“Hey, what’s up?” I answered the phone with my usual greeting.
“I’ve just been stripped naked and marched down main street.”
I swiveled away from my computer screen. She had my undivided attention.
“Do what? What are you talking about?”
My sister, critique partner and an amazing writer then explained. Seems she’d won an evaluation for her WIP (work in progress) from a noted author, teacher and blogger.
The prize evaluation had been delivered this morning, like an atom bomb, via conference call.
It wasn’t what she’d expected.
“More like a public flogging,” she said.
“Ouch, it couldn’t have been that bad.”
What else was I going to say?
“Trust me it was. I’m now rethinking not only my entire story, but my talent too.”
“Whoa, wait a second. You’ve written over 40 thousand words. You can’t throw it in the trash. I’m sure you just took the critique too seriously.”
Now let me say upfront, she is a very good writer. I hear you, you think my opinion is skewed and that may be, but let me assure you, she can tell a hell of a story.
My job at this point is to just listen and let her vent before I step in with the voice of reason.

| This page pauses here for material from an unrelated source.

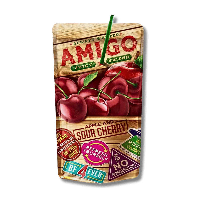 Regulärer Preis 0,49 €Fruchtig, frisch und fruchtig-säuerlich! Amigo Apple & Sour Cherry vereint Apfel mit der spritzigen Note Sauerkirsche – der perfekte Begleiter für unterwegs.

Why am I sharing this with you? Sometimes I think we as writers need to hear more than what we are doing wrong. Anyone who steps out of their comfort zone as she did is:
- Brave! Anyone who subjects themselves to an indepth evaluation of this type is DAMN BRAVE. Definately braver than I am.
- Critiques are subjective. Opinions are like tastes, but not all are equal. As such, take with a grain of salt and move on.

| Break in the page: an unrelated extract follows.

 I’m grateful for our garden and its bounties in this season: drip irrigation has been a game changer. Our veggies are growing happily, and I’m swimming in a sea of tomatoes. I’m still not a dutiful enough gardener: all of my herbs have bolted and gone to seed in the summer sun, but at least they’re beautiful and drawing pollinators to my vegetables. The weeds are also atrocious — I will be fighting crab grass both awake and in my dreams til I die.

- Talent like beauty, is in the eye of the beholder. Or in the instance of a writer, the eyes of the reader.
I’m sure she learned a lot from the author and her evaluation prize. I’m equally sure the author meant the critique to be constructive.
Why did I share this? As a reminder.
- Don’t let anyone pour cold water on your dreams.
- Absorb the positive, helpful information, and then shake off the negative.
- And remember no matter how thick your skin, some things still smart.
And from one writer to another, remember to write it your way!
Mechanics are important, but it’s the story that must shine.